Journal of Southeast Asian Studies
- Discipline: Southeast Asian studies
- Language: English
- Edited by: Maitrii Aung-Thwin

Publication details
- History: 1960-present
- Publisher: Cambridge University Press on behalf of the National University of Singapore
- Frequency: Quarterly

Standard abbreviations
- ISO 4: J. Southeast Asian Stud.

Indexing
- ISSN: 0022-4634

Links
- Journal homepage; Online access; Online archive;

= Journal of Southeast Asian Studies =

The Journal of Southeast Asian Studies is a peer-reviewed academic journal covering scholarly studies on Southeast Asia (Brunei, Cambodia, Indonesia, Laos, Malaysia, Myanmar, the Philippines, East Timor, Singapore, Thailand and Vietnam). It publishes articles from a wide range of disciplines in the humanities and social sciences.
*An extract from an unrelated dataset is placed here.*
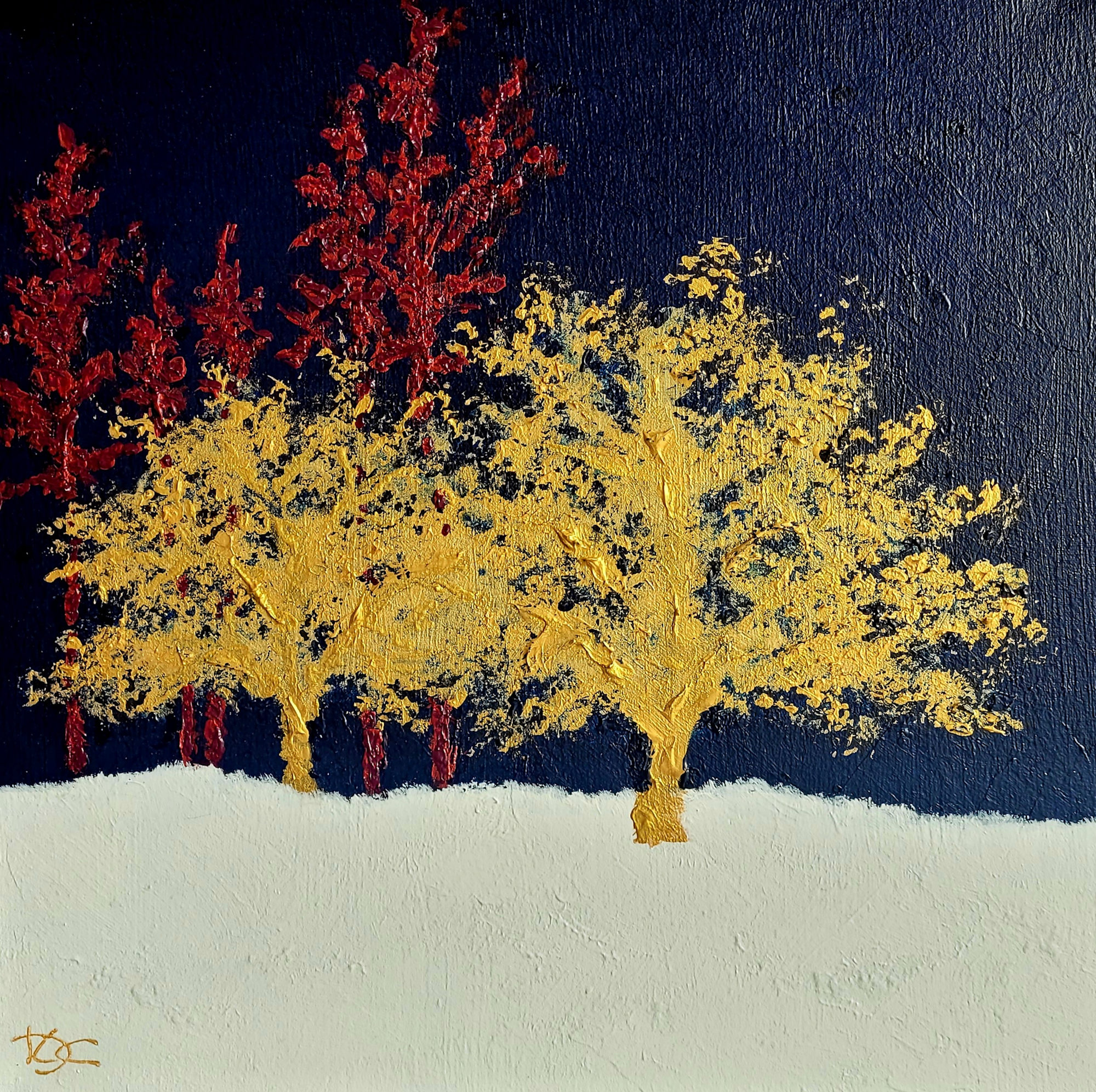 Asian influenced simplistic trees with snow at night. Simple. Still. Calming. On a smaller scale.

The journal's extensive book review section includes works in Southeast Asian languages.

== History ==
The Journal of Southeast Asian History was founded by K. G. Tregonning in 1960 and was renamed Journal of Southeast Asian Studies in 1969.

== Abstracting and indexing ==
The journal is abstracted and indexed in the International Bibliography of Periodical Literature, International Bibliography of Book Reviews of Scholarly Literature, FRANCIS, Arts and Humanities Citation Index and the Social Sciences Citation Index.